California Lt. Gov. Gavin Newsom announced Wednesday that he has opened a fundraising account to run for governor in 2018.
In an email to supporters, Newsom said "our state is defined by its independent, outspoken spirit. When Californians see something we truly believe in, we say so and act accordingly – without evasiveness or equivocation.
"So today I'm announcing that I'm creating a committee to run for California governor in 2018. Because I truly and passionately believe in the future of this great state."
Newsom has long wanted to be governor, and the move – more than three years before the election – is an early shot across the bow at other potential Democratic candidates. By forming a committee, Newsom can raise up to $28,200 per supporter for both the primary and general elections, meaning he can collect $56,400 per donor.
The move immediately puts pressure on former Los Angeles Mayor Antonio Villaraigosa, who is considering whether to challenge Atty. Gen. Kamala Harris in the 2016 U.S. Senate race, or possibly run for governor in 2018.
No other candidate has opened a gubernatorial campaign committee, according to the secretary of state's office.
Gov. Jerry Brown will be termed out in 2018, so the field to be the state’s next governor has the potential to be large, especially on the Democratic side. Other potential Democratic candidates include billionaire environmental activist Tom Steyer, who could easily self-fund a campaign, and Los Angeles Mayor
On the Republican side, speculation will swirl around San Diego Mayor Kevin Faulconer, who leads the largest city in the nation with a GOP leader, and Fresno Mayor Ashley Swearengin, who lost her state controller bid in 2014.
Newsom, 47, gained national attention during his tenure as mayor San Francisco for his 2004 decision to have the city issue marriage licenses to same-sex couples. He also launched the country's first universal healthcare initiative. But he also suffered scandal – an affair with his campaign manager and close friend's wife.
Newsom ran unsuccessfully for governor in 2010, but bowed out once it became clear that Brown would clinch the nomination. He has served as the state's lieutenant governor since 2011 and has made little attempt to hide his boredom in the job, which he once derided as "a largely ceremonial post … with no real authority and no real portfolio."
Historically, it has not been a steppingstone to higher office. In California's 165-year history, only two lieutenant governors have been elected to the top executive spot.
In 2014, Newsom's GOP rival Ron Nehring said the incumbent treated the job as "a taxpayer-funded gubernatorial exploratory committee for 2018."
The job is low-profile, though Newsom has tried to use it as a platform, frequently appearing on national news programs. He also authored "Citizenville," a book that drew praise from unlikely quarters, such as former House Speaker Newt Gingrich.

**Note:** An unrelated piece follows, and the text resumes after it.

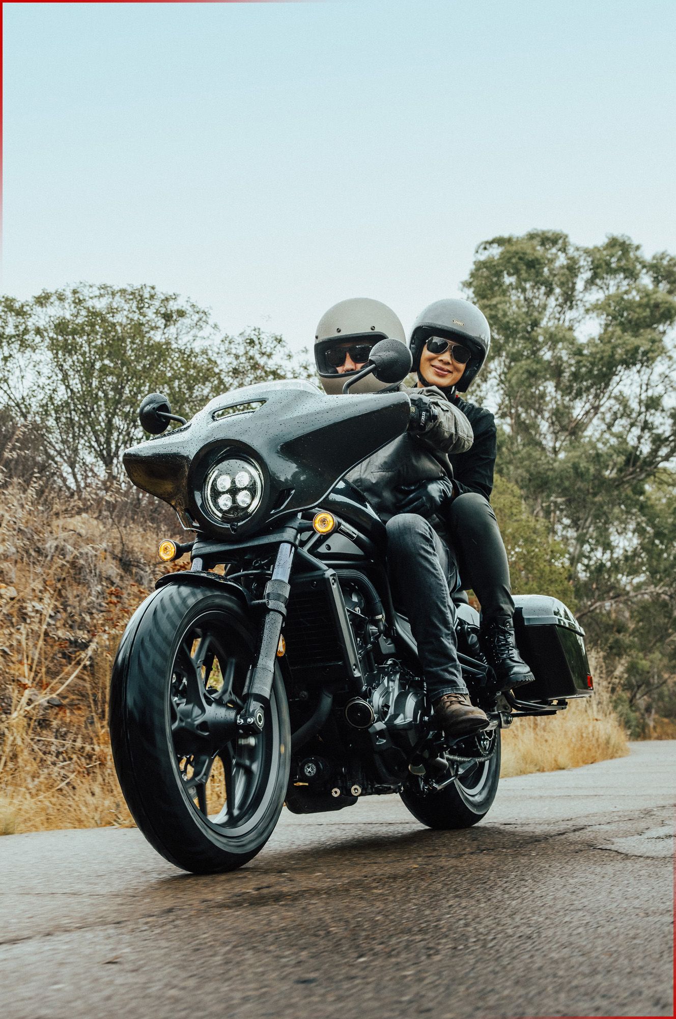 With its individual looks – as well as easy, nimble handling and fun engine response – riders, many new to two wheels, have enjoyed and customised the Rebel CMX500 the world over. But now’s the moment for more. The family resemblance is instant, but the Rebel CMX1100 has a great deal going on. The torquey, characterful parallel twin-cylinder engine features Throttle By Wire management, 4 riding modes, Honda Selectable Torque Control and Wheelie Control. Cruise control is standard and our unique, six-speed Dual Clutch Transmission an option. And this cool cruiser is also made for corners – 43mm cartridge-style front forks, piggyback rear shocks and a radial-mount four-piston front brake caliper see to that.

Newsom has less name recognition than the state's top Democratic leaders. About six in 10 registered California voters were able to identify him in an October poll by the USC and the Los Angeles Times. Thirty percent viewed him favorably, while 19% held an unfavorable opinion. His support was strongest in his Bay Area home base, where 59% held favorable views, and he is less well known in other parts of the state.